Materials provided:
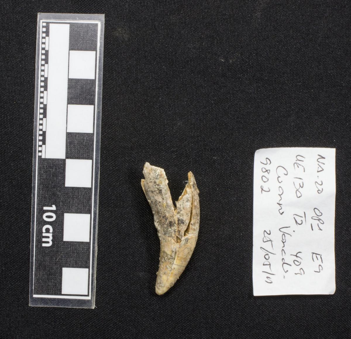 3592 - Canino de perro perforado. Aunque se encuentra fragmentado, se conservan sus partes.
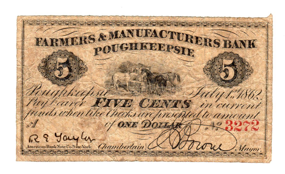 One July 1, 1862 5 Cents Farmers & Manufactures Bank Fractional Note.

...

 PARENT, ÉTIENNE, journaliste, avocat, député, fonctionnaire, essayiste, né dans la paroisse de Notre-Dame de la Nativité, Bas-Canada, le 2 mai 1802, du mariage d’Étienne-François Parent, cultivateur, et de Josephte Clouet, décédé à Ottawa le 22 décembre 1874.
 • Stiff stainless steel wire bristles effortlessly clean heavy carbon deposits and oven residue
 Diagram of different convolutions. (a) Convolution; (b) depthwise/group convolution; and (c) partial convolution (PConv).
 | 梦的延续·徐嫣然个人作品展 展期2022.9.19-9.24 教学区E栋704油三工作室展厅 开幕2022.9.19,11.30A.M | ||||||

---

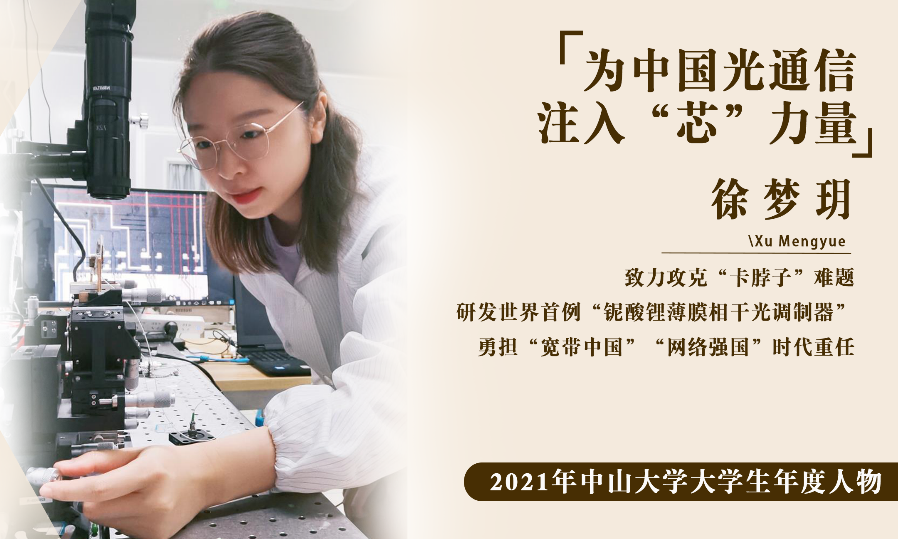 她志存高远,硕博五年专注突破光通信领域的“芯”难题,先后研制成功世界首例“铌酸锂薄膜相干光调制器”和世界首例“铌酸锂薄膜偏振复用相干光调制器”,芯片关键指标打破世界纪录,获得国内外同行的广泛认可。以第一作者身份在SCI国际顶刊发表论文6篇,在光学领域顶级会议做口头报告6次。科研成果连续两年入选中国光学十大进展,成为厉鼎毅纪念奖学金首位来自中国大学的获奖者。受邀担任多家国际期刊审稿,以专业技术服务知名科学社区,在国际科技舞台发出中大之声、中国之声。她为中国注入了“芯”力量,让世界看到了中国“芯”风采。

Exercise instructions: Your answer must be the exact lines from the records above, from the one containing "3592 - Canino" through the one containing "One July 1, 1862", both included, with every picture left out.

Output of the task:
 3592 - Canino de perro perforado. Aunque se encuentra fragmentado, se conservan sus partes.
 One July 1, 1862 5 Cents Farmers & Manufactures Bank Fractional Note.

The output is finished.